The country column includes short country names for a slightly expanded version of the countries and territories with an ISO 3166-1 code.²

Format differences between the raw data and database version

By default when importing data, and always in the database, column names are normalized by converting to lower case and replacing white space with underscore, e.g. “Event ID” becomes “event_id”.

In regard to column data types, the “event_date” column on import is converted to an R Date class vector. SQLite does not have a date data type. There is some limited support for dates in standard character format, e.g.

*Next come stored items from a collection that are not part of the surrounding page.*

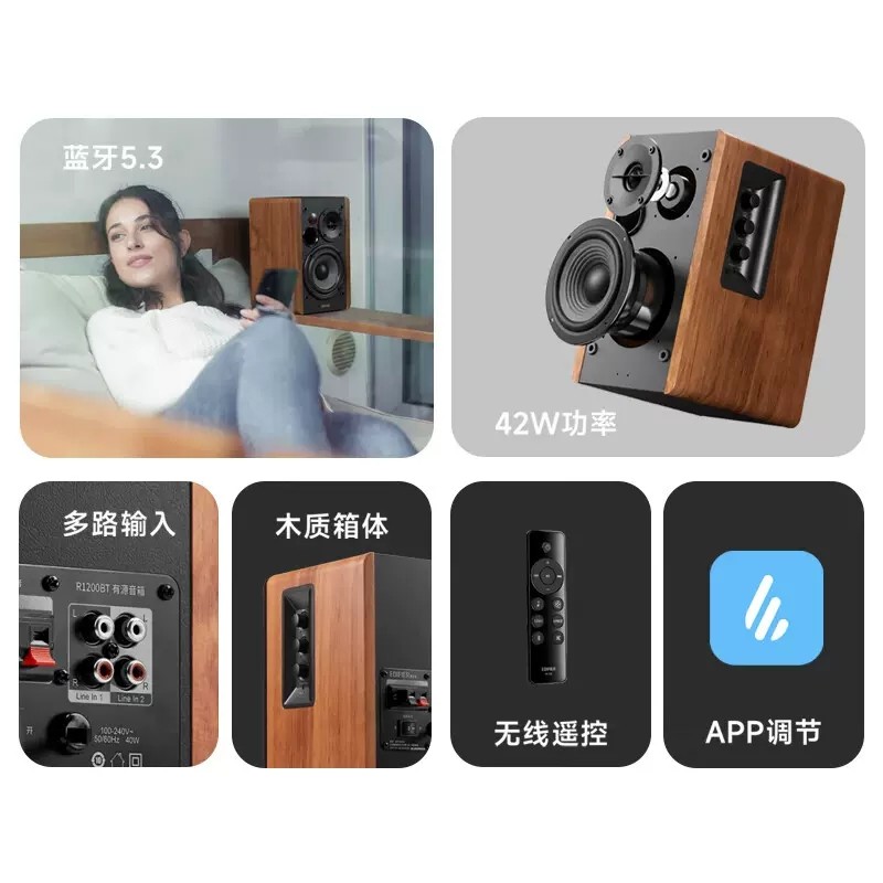 漫步者R1200BT电脑音响台式家用木质音箱多媒体桌面电视书架2.0
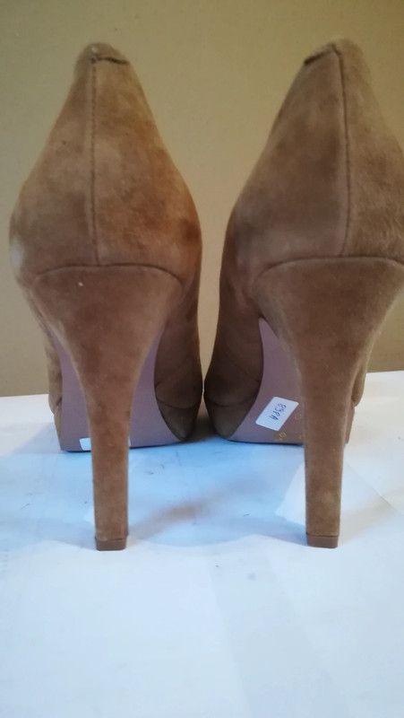 898A* Superbes escarpins kaki de chez CARMA, tout en cuir. Pointure grand 40. Talons de 10 cm avec rehausse de 2 cm. Neufs mais tache présente (voir photos).
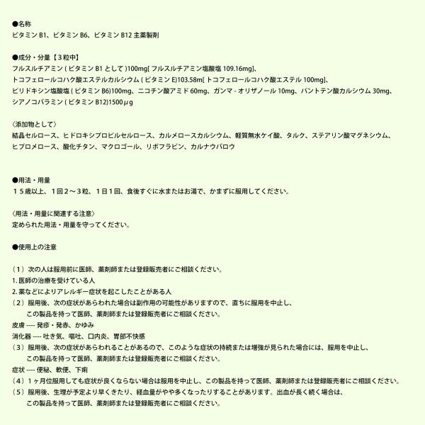 次の症状の緩和:神経痛、筋肉痛、関節痛(肩・腰・肘・膝痛・肩こり・五十肩など)手足のしびれ、眼精疲労(慢性的な目の疲れ及びにそれに伴う目のかすみ・目の奥の痛み)「ただし、これらの症状について、1ヶ月ほど使用しても改善が見られない場合は、医師又は薬剤師に相談すること。」 次の場合のビタミンB1、B6、B12の補給:肉体疲労時、妊娠・授乳期、病中病後の体力低下時 このような症状に効果を認められています。
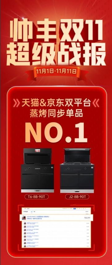 双十一期间,帅丰T6与J2双子星夺得天猫&京东双平台蒸烤同步单品NO.1,天猫旗舰店销售额1亿+,店铺排名TOP2,以实力再创销量神话。
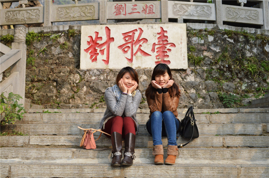 劉三姐的四妹、五妹在對歌臺前賣萌
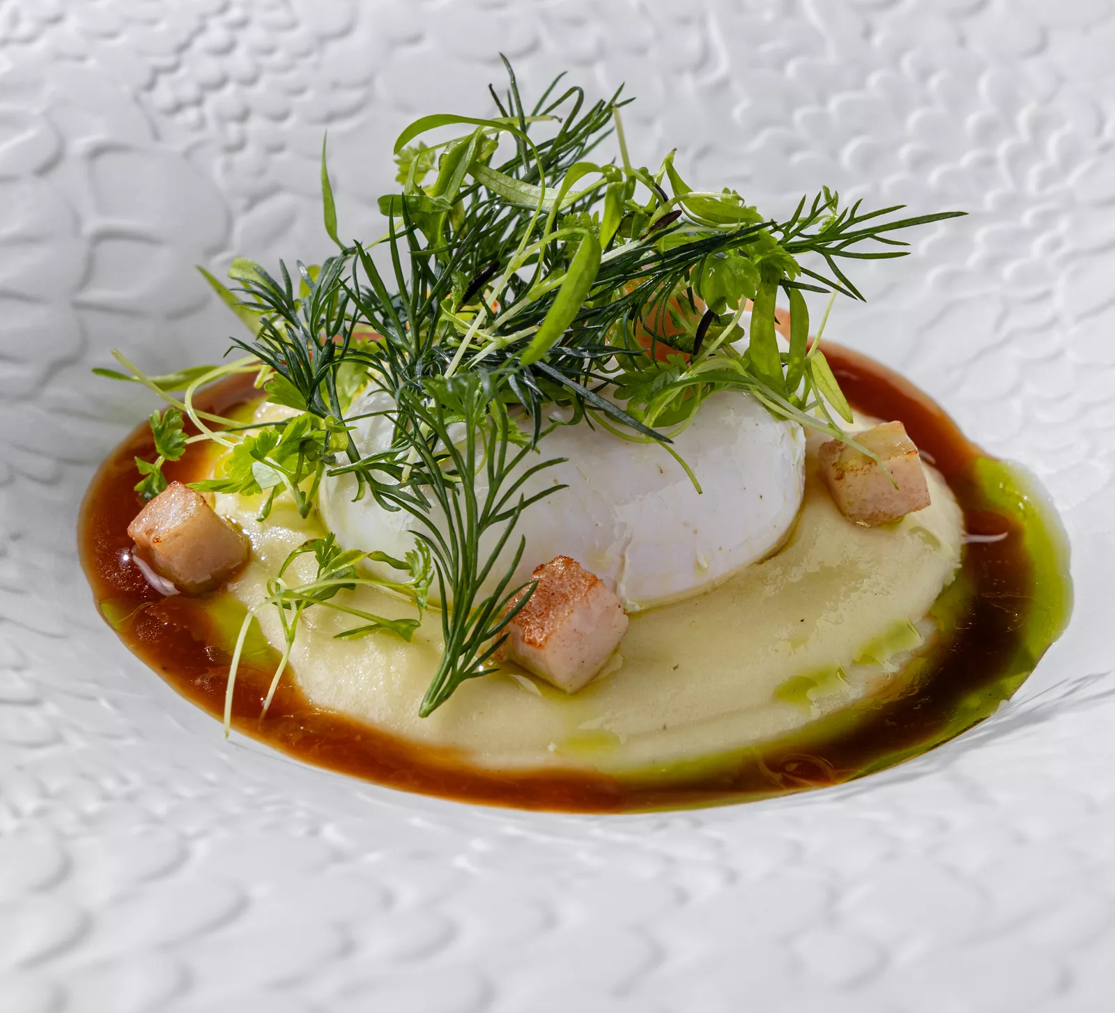 Картофельное пюре с яйцом пашот и индейкой

YYYY-MM-DD, but the event dates are instead stored as integers with format YYYYMMDD in the database since the associated index is faster.

Some example queries

The next section below gives a more thorough overview of the ICEWS data; here are some simple example transformations of the data, with several alternative ways to do each.

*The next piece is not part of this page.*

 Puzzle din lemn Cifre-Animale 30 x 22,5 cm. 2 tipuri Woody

First, the total number of events per year, with three different methods giving equivalent results:

# SQL
events1 <- query_icews("SELECT year, count(*) as events
                        FROM events 
                        GROUP BY year;")

# dplyr
events2 <- tbl(connect(), "events") %>%
  group_by(year) %>%
  summarize(events = n()) %>%
  collect()

# read-in memory then dplyr
events3 <- read_icews() %>%
  group_by(year) %>%
  summarize(events = n())

# plot the country series
ggplot(events1, aes(x = year, y = events)) +
  geom_line() +
  theme_minimal()

Next we will do country-year totals, using the ICEWS country column.

# SQL
events1 <- query_icews("SELECT country, year, count(*) as events
                        FROM events 
                        GROUP BY year, country;")

# dplyr
events2 <- tbl(connect(), "events") %>%
  group_by(year, country) %>%
  summarize(events = n()) %>%
  collect()

# read-in memory then dplyr
events3 <- read_icews() %>%
  group_by(year, country) %>%
  summarize(events = n())

# plot the country series
ggplot(events1, aes(x = year, y = events, group = country)) +
  geom_line() +
  theme_minimal()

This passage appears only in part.